São as perguntas que nos fazemos nesta triste oitava do Natal
povoada de angústia e desalento.
Quase 2.000 anos atrás, nascia
entre nós aquele que Isaías chamou de príncipe da paz. Na véspera do início do terceiro milênio
da natividade, seu reino continua tão distante como sempre
esteve.
Estamos a completar dez anos
da queda do muro de Berlim e
das extravagantes ilusões que
então se propagaram. Onde estão agora os sonhos de uma história congelada como o homem
das neves, prisioneira de uma
perpétua e imutável juventude
feita de democracia e prosperidade do mercado? Onde se esconde a Nova Ordem Internacional anunciada por Bush e fundada na responsabilidade coletiva
das Nações Unidas? Ficou tudo
sepultado sob as montanhas de
cadáveres martirizados da Somália, da Bósnia, de Ruanda, do
Congo, do Sudão, perto das quais
fazem pálida figura as pirâmides
de crânios edificadas por Tamerlão.
A situação de quase monopólio
absoluto do poder estratégico e
militar de uma só superpotência
não bastou para evitar que se deteriorassem todos os três grandes
problemas políticos do começo
da década: a sanguinária desintegração da Iugoslávia, da qual o
capítulo de Kosovo se desenrola
sob nossos olhos; a dolorosa e interminável metástase da Federação Russa, sem fim à vista; a trágica frustração do processo de
paz na Terra Santa, onde se deu
justamente a partida para a contagem dos 20 séculos da nossa
era. Terminada a guerra fria e,
com ela, a corrida nuclear e o
equilíbrio do terror, seria natural que tivéssemos chegado mais
perto de um mundo livre de armas atômicas. Em vez disso, essas armas se espalharam por
mais dois países, a Índia e o Paquistão, irmãos inimigos já com
várias guerras entre eles no seu
meio século de independência.
Tampouco é alentador o panorama econômico. A única verdadeira história de sucesso no desenvolvimento dos últimos 30
anos, a Ásia do Leste e do Sudeste, vive crise sem precedentes e
pouco pode esperar do Japão, estagnado ou em recessão desde
1990. A crise já contagiou a Rússia e a América Latina, com sinais claros de que começa a provocar desaceleração nos Estados
Unidos e na Europa. A primeira
década da globalização e da liberalização ameaça tornar-se a de
crescimento mais medíocre desde o fim da Segunda Guerra.
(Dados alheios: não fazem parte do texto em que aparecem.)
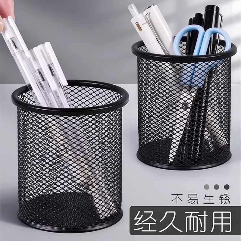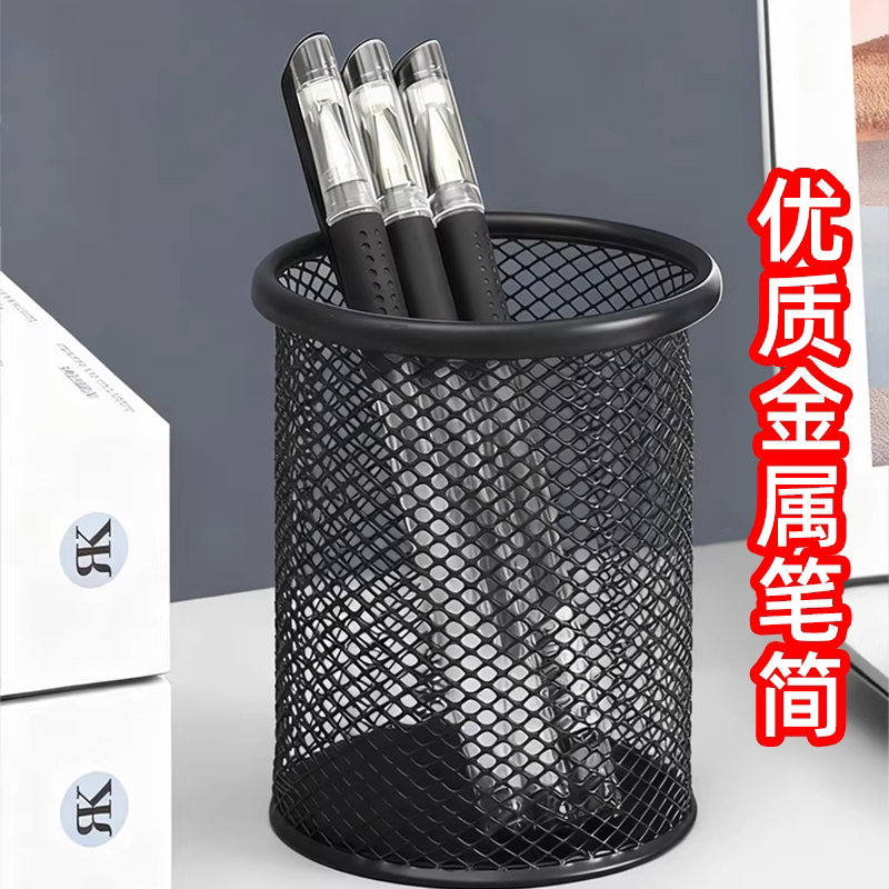金属笔桶网状镂空时尚文具收纳儿童笔盒超大办公用品网格笔筒大容量装笔放笔学生文具笔座笔架收纳盒摆件

Na economia não existe nada
que corresponda ao monopólio
do setor estratégico-militar. O
poder financeiro e comercial encontra-se melhor distribuído entre americanos, europeus e japoneses. Isso tem gerado, porém,
mais tensão do que genuíno
equilíbrio. Ao contrário, o persistente (dura já 15 anos quase) desequilíbrio macroeconômico entre os gigantescos déficits comerciais e em conta corrente dos
EUA, de um lado, e os simétricos
superávits no Japão e na Europa,
do outro, alimentam disputas e
antagonismos protecionistas que
dificultam a efetiva colaboração,
seja para controlar a excessiva
oscilação no valor respectivo das
moedas, seja para permitir o socorro eficaz à Ásia ou à Rússia.
Reabre-se a divergência entre
americanos e nipônicos sobre um
fundo monetário regional para a
Ásia e, às vezes, o tom das invectivas faz pensar no que os marxistas de antanho descreviam como "rivalidades intra-imperialistas".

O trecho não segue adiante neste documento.